4 Commonly Overlooked Costs of Buying a House
Buying a house has historically been seen as part of the “American Dream” and part of the process of growing up to be a financially independent, from your parents at least, adult.
Like so many others, my wife and I bought our first house with our eyes wide shut. We had no idea what we were really getting ourselves into and we did not really have a budget in mind for our first home.
Eight years later, we have learned a lot about finances and about homeownership. So today I wanted to share with you four of the most commonly overlooked costs of buying a house. If you’ve already bought a house and you missed these costs too, don’t worry about it too much, Mrs. Frugal Rules and I did too!
Private Mortgage Insurance
One of the most commonly overlooked costs of buying a house, at least for first-time buyers, is private mortgage insurance (PMI). PMI is most likely part of the monthly mortgage payment you make every month if you did not put down at least a 20 percent down payment when you bought your house.
PMI is a fee that is charged in your monthly payment until you hit 20 percent equity in your home. But you might be able to find mortgages and savings from Newcastle Permanent to help you avoid some mortgage costs and fees, like PMI. If I could go back and do things over again, I never would’ve bought a house with no down payment saved up. That PMI can really hurt when you add up how much is cost you over the years.
If you go from living in a tiny basement apartment to a 1,100 square foot home like a friend of mine did when she bought her first house, the huge difference in utility costs needs to be considered. Her costs skyrocketed from about $30/month to $120-150/month for utilities alone.

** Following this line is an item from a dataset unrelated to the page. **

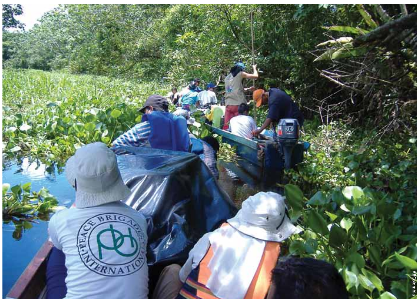
National and International Accompaniment of HRDs in Chocó

their rights, to denounce corruption and all other forms of violence. '...As a result [of strengthening the organisational capacity of the ethnic-territorial organisations] communities were able to denounce threats that came from ... companies and their activities and claim their rights.' 69 In the case of mining companies the Diocese sought experts from national Colombian CSOs, academic institutions, and from international organisations to give the communities the information they needed to collectively establish their position and take concrete actions in order to be able to remain in their territory.

There are times when utilities can work in your favor too though. If you go from living in a rental house with crappy insulation and leaky windows to a newer, better insulated home of about the same size, you might end up spending less on utilities.
Most articles about the costs of homeownership mention the continual amount you need to put aside for continued maintenance and repairs of the home you own, but most do not mention the time costs of homeownership. Until I owned a home, I never thought about how much time it would take to do even simple tasks like mowing the lawn, and winterizing your home every year. With all of the routine tasks associated with homeownership, it’s easy to spend your whole weekend working on only the upkeep of your home.
Finally, most new homeowners don’t consider the fact that they might need a larger emergency fund just because they now own their own home instead of renting. The fact is that when you are renting it’s up to the landlord to replace and maintain things, but when you own your home it’s your responsibility if the water heater breaks, the roof leaks, or you need to replace the siding. Some of these things you can plan for, but others you cannot. Having a large emergency fund in place is extremely important if you are a homeowner.